## Work request
Would you please transcribe the data in full and exactly, excluding images?

## Dataset extract

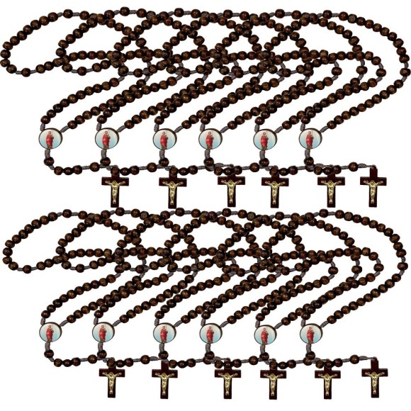 TE940450P12 - Terço São Judas Tadeu Madeira c/ 12un. - 37cm
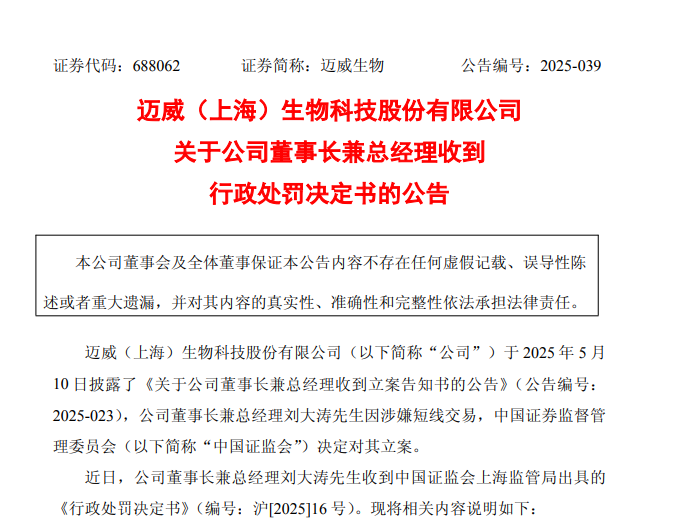 中國經濟網北京8月7日訊(記者 郭文培)8月5日,邁威(上海)生物科技股份有限公司(以下簡稱邁威生物)披露公告,由于短線交易,近日公司董事長兼總經理劉大濤收到中國證監(jiān)會上海監(jiān)管局出具的《行政處罰決定書》,劉大濤被警告并處以六十萬元罰款。
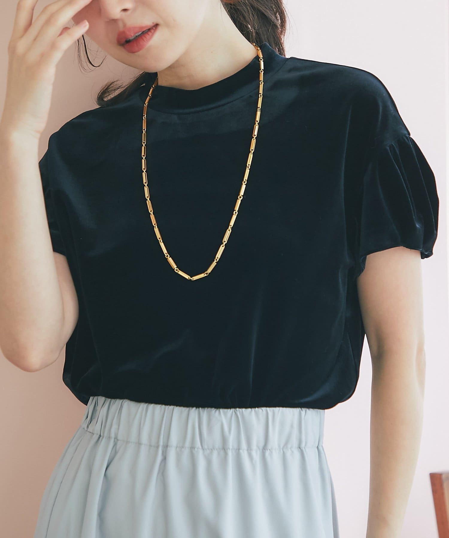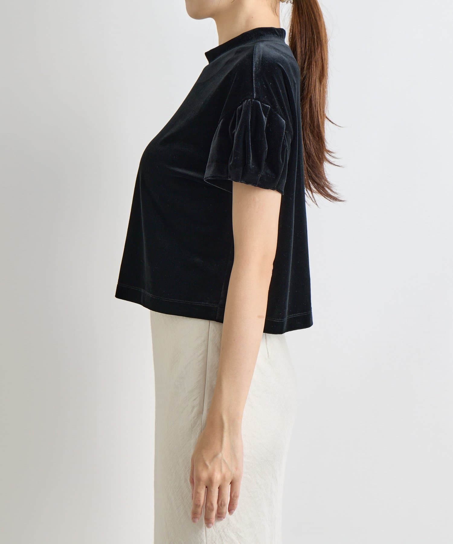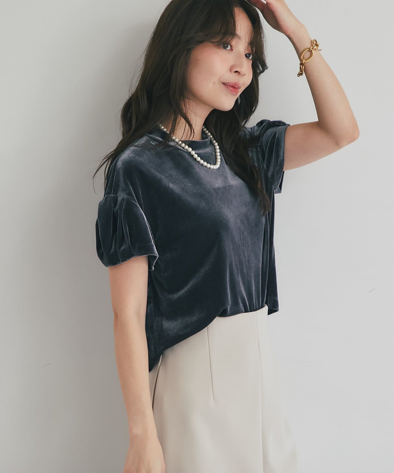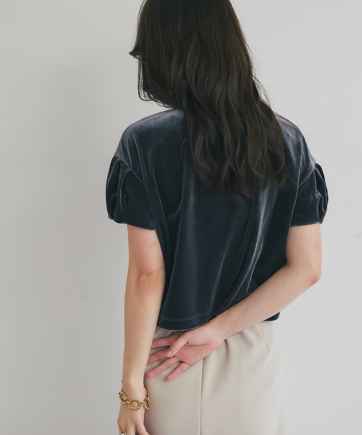 ベロア生地でエレガントな印象のトップス

## Solution below
 TE940450P12 - Terço São Judas Tadeu Madeira c/ 12un. - 37cm
 中國經濟網北京8月7日訊(記者 郭文培)8月5日,邁威(上海)生物科技股份有限公司(以下簡稱邁威生物)披露公告,由于短線交易,近日公司董事長兼總經理劉大濤收到中國證監(jiān)會上海監(jiān)管局出具的《行政處罰決定書》,劉大濤被警告并處以六十萬元罰款。
 ベロア生地でエレガントな印象のトップス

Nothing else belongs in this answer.